Environmental effects are inherently dynamic: the timing, duration, and sequence of stress events often determine yield and stability more than their cumulative magnitude, because plants perceive and integrate environmental cues through nonlinear, developmentally gated, and memory-dependent physiological processes rather than linear accumulation. Static environmental averages obscure these critical temporal dynamics. Recent algorithmic advances incorporate temporal embeddings and gated attention layers to model environmental trajectories as structured sequences of signals acting on distinct developmental states, rather than as undifferentiated time series (Yao et al., 2025). In this context, dynamic modeling captures not only when stresses occur, but which environmental variables matter at which developmental stages, and how their effects depend on prior exposure and spatial context. By explicitly accounting for heterogeneous temporal variables—such as short-term extremes, cumulative stresses, and season-long trends—these models can identify windows of sensitivity and genotype-specific adaptive strategies. When coupled with spatially explicit envirotyping, temporal modeling further enables the joint learning of spatiotemporal environmental structure, reframing the environment as a spatially heterogeneous and temporally dynamic field that interacts with genotype across both dimensions.

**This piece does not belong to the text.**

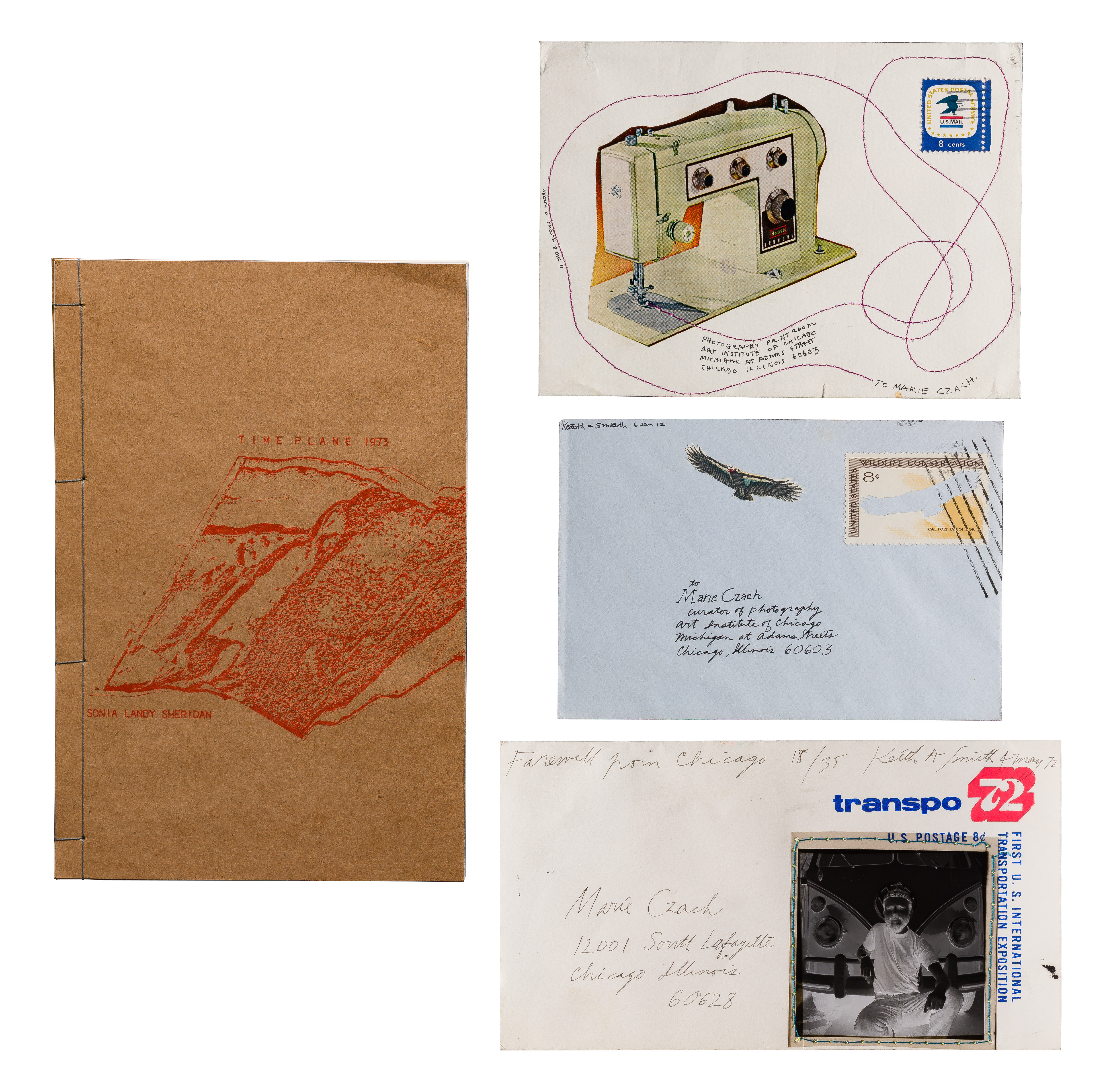 (6) total items including (2) mounted images, pencil signed and dated ‘1968’ on mats; together with an Asian style accordion-fold booklet reproducing photostatic artwork by Sonia Sheridan and (3) pieces of 1970s mail art by Keith A Smith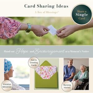 The Scripture truths on the 50 double-sided cards will add to your trove of blessings as you work your way through the box. The cards alternate between two pink designs on the front and two blue designs on the back. The front of each card features an encouraging and inspirational saying, while the back features select Scripture verses.

Explainability and automation in environment-aware modeling

As models grow in complexity, interpretability becomes both a scientific and operational necessity. Explainable AI (XAI) techniques are now integral to modern GS pipelines, quantifying the relative influence of environmental and genetic features through Shapley values, attention visualization, or saliency mapping (He et al., 2025; Yu et al., 2025). Such tools bridge the gap between prediction and understanding, enabling breeders to trace how particular environmental drivers affect specific genotypes or traits.

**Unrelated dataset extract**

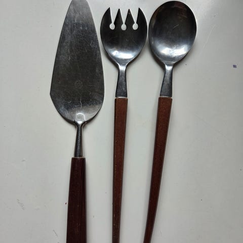 I god stand. Sausøse 350kr, spade 250kr, salatbestikk 150kr per del. Sender med posten, kjøper betaler frakt.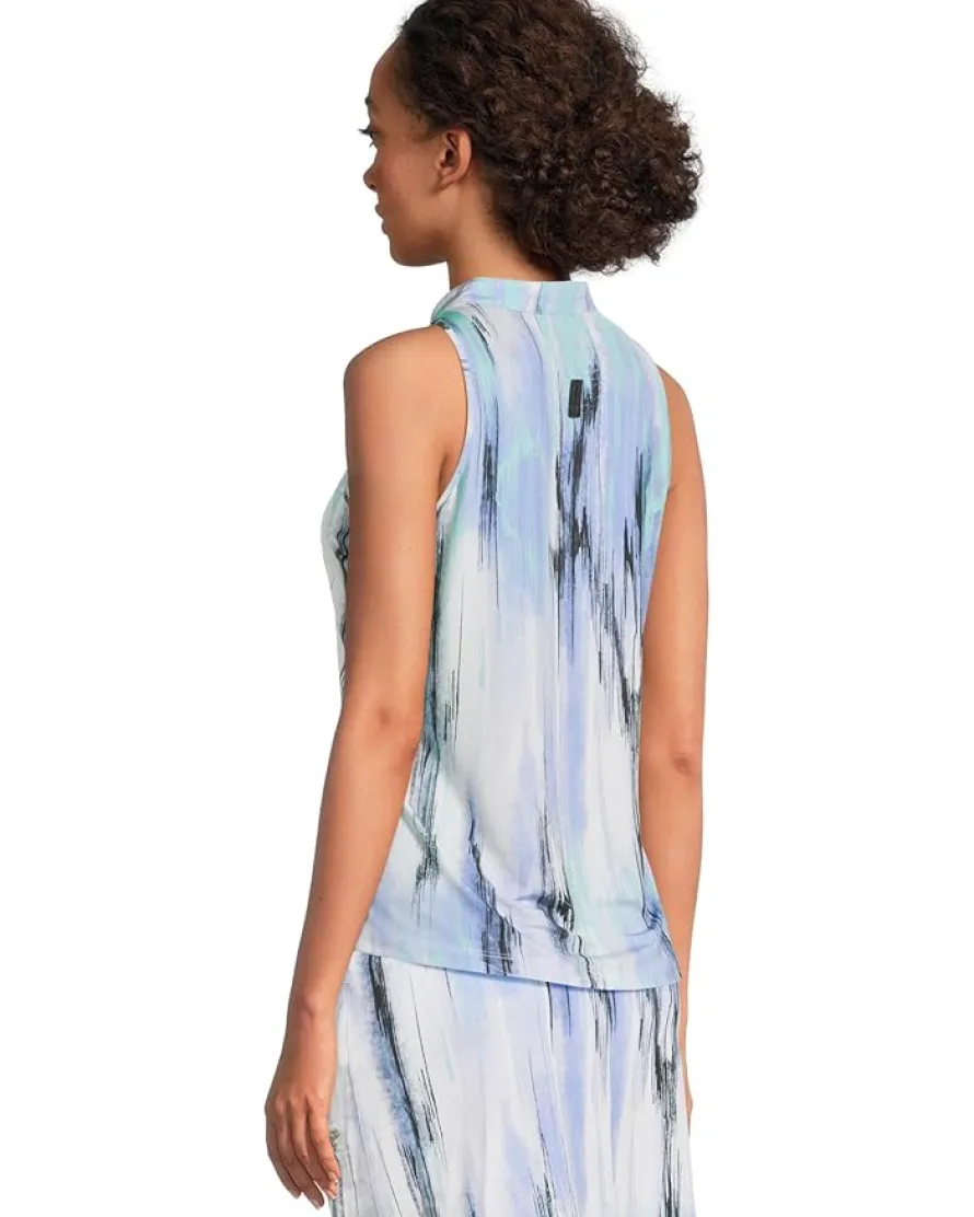 - Own the look wearing the classic Jamie Sadock® Matrix Print Sleeveless Top. Made using Cooltrex® Performance Fabric, this top features mandarin collar with V- neckline, sleeveless style, classic fit, modern, and tasteful design.

Equally transformative is the emergence of automated machine learning (AutoML) pipelines that unify environmental feature engineering, model selection, and hyperparameter optimization (He et al., 2025). These automated systems not only enhance reproducibility and scalability but also democratize access to advanced modeling, enabling breeding programs to implement AI-driven predictions without specialized expertise. By combining automation with explainability, GS is evolving from a research methodology into a practical decision-support system for adaptive breeding.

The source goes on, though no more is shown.